- [Entries supplied]
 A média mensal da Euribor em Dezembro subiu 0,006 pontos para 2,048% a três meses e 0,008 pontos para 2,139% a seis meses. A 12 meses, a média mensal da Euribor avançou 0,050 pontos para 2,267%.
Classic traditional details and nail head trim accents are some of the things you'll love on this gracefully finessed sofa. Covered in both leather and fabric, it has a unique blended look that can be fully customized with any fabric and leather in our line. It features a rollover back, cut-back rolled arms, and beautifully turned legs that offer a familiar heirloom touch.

--

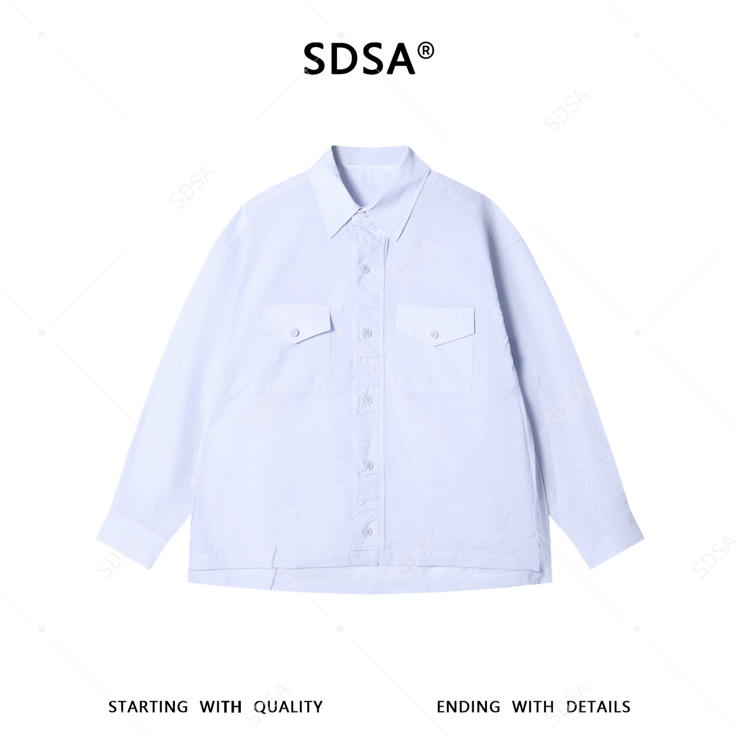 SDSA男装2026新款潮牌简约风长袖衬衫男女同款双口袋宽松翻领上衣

- [Task to complete] Please return the lines above that run from the line containing "A média mensal da Euribor em" to the line containing "Classic traditional details", inclusive, exactly and with no other lines.

- [Response]
 A média mensal da Euribor em Dezembro subiu 0,006 pontos para 2,048% a três meses e 0,008 pontos para 2,139% a seis meses. A 12 meses, a média mensal da Euribor avançou 0,050 pontos para 2,267%.
Classic traditional details and nail head trim accents are some of the things you'll love on this gracefully finessed sofa. Covered in both leather and fabric, it has a unique blended look that can be fully customized with any fabric and leather in our line. It features a rollover back, cut-back rolled arms, and beautifully turned legs that offer a familiar heirloom touch.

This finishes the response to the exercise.